Todos los jardines de la calle se parecen. Cada uno tiene la anchura de la casa, y están separados entre sí por unos muretes que son lo bastante altos como para que apenas se llegue a ver la cabeza de los vecinos.

Desde hacía poco, el viejo señor Matray había tomado la costumbre de interrogarme, con el pretexto de que mis aparatos me permitían captar las ondas cortas.

—¿No hay noticias esta mañana, señor Féron?

Ese día volví sobre mis pasos antes de que me plantease, la pregunta y vertí el agua hirviendo sobre el café. Los objetos familiares se encontraban en su sitio, el que Jeanne y yo les habíamos buscado o el que ellos mismos, con el tiempo, habían acabado ocupando.

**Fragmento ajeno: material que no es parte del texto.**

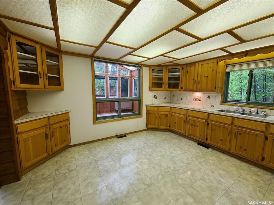 Opportunity awaits! Here is a perfect property for a large group, a couple of families, or possibly an opportunity for some type of business venture on Powm Beach at Turtle Lake. There has been a large price reduction to this property. The cabin was built in 1987 where you step into a large 4 season sunroom, then into the living room complete with a gorgeous wood burning stove. Then into a large kitchen complete with a retro sunshine ceiling. The main floor also has 1 large bedroom, 4-piece bath and a mudroom with laundry. You enter the 2nd level via a sweet spiral staircase where you find a huge loft area and 2 more bedrooms and another bathroom. The other building on this lot is where the opportunity lies, in that it is a full heated 3+ car garage, with a 4-piece bath, then upstairs is a massive games room, also with a gorgeous wood burning stove. Another 3-piece bath with soaker tub (and provisions for a sauna; although the steam unit has been removed), then onto another huge room with a loft in it where the possibilities of how to utilize this would be up to your imagination and whatever the municipality would allow. The lake is a short stroll down a public walk, which first crosses a beautiful grassed in area, then onto a sandy public beach.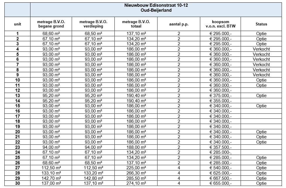 - indien mogelijk worden de units aangesloten op glasvezel; de aansluitkosten zijn voor rekening van de koper.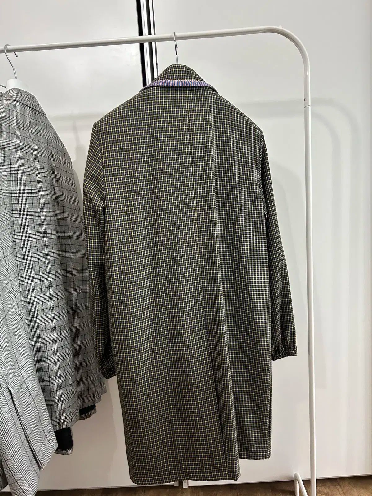 -説明:特別に加工されたウールチェック素材とアウトドアのディテールが施されたプラダコレクションのアイテム。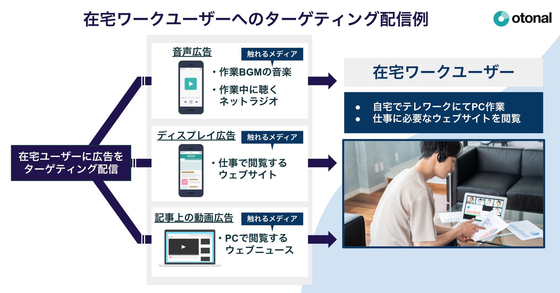 在宅ワークをするビジネス層に配信を行う広告ターゲティングです。ユーザーが仕事中に接触するメディア&デバイス絞りこみと在宅ワークのターゲティングを同時に行い、音声・動画・バナー広告の配信を行います。

Si mi mujer no hubiera estado encinta, habría empezado a oír sus pasos en el primer piso, porque por lo común solía levantarse poco después de mí. Sin embargo, el primer café me lo preparaba yo mismo antes de entrar en el taller. Así que seguíamos nuestros propios ritos, como supongo que sucede en todas las familias.

El primer embarazo había resultado penoso, y el parto difícil. Jeanne atribuía el nerviosismo de Sophie a los instrumentos que fue necesario emplear y que podían haber dañado la cabeza de la niña. Desde que había vuelto a quedarse embarazada, temía un alumbramiento difícil y le obsesionaba la idea de traer al mundo un hijo anormal.

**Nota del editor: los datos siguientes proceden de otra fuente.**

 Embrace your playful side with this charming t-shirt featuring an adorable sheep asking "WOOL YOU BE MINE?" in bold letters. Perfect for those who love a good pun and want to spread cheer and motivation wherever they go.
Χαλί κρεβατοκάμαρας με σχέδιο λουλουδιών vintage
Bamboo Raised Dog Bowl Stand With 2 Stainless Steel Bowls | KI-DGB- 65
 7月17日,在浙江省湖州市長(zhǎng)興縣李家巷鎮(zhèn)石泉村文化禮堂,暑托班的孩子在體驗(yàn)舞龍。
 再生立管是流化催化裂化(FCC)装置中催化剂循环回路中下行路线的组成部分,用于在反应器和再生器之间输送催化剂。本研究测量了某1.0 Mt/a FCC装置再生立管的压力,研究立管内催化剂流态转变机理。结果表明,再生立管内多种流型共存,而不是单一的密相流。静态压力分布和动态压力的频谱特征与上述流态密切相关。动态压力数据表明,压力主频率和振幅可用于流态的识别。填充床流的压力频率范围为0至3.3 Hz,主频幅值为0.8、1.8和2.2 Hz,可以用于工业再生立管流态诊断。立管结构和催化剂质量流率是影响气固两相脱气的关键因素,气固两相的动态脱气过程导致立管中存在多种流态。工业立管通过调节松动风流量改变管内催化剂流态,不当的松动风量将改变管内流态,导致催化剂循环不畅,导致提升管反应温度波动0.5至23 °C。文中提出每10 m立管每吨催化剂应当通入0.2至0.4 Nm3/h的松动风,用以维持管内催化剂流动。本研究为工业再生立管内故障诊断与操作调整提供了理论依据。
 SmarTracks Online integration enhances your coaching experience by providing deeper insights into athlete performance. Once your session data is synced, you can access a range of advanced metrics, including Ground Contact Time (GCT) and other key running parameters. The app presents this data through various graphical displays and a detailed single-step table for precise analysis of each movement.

El doctor Wilhems, en quien había depositado su confianza, sólo conseguía tranquilizarla por unas horas, y de noche no conciliaba el sueño. Mucho después de habernos acostado, la oía cómo buscaba una postura cómoda, y casi siempre acababa por preguntar en un susurro:

—¿Duermes, Marcel?

—No.

—Me pregunto si a mi organismo no le falta hierro. He leído en un artículo…

Intentaba conciliar el sueño, pero con frecuencia se hacían las dos de la madrugada antes de conseguirlo, y no era raro que a continuación se levantase de pronto lanzando un grito.

—He vuelto a tener una pesadilla, Marcel.

—Cuenta.

—No. Prefiero no pensar más en eso. Es demasiado horrible. Perdóname por no dejarte dormir, tú, que trabajas tanto…

Últimamente se levantaba hacia las siete y entonces bajaba a preparar el desayuno.

Con mi taza de café en la mano, entré en el taller y abrí la puerta vidriera que da al patio y al jardín. En esas circunstancias yo disfrutaba del primer rayo de sol del día, un poco a la izquierda de la puerta, y sabía exactamente cuándo alcanzaría mi banco de trabajo.

No es un banco de trabajo verdadero sino una mesa grande, muy pesada, que procede de un convento y que adquirí en una reventa. Encima siempre hay dos o tres radios en reparación. Las herramientas están a mi alcance, colocadas en un tablero adosado a la pared. Las radios llenan los estantes de madera blanca que he instalado por toda la habitación, y llevan en una etiqueta el nombre del cliente.

Por fin me decidí a pulsar los mandos. Retrasar ese momento casi se había convertido en un juego. Yo me decía, contra toda lógica: «Si espero un poco más, puede que ocurra hoy».

Ese día me di cuenta enseguida de que por fin sucedía algo. Nunca había notado tanta saturación en el aire. En cualquier longitud de onda que escogiese, las emisiones se superponían, las voces, los silbidos, las frases en alemán, en holandés, en inglés y en francés, y en el espacio se percibía algo así como los primeros compases de un gran drama.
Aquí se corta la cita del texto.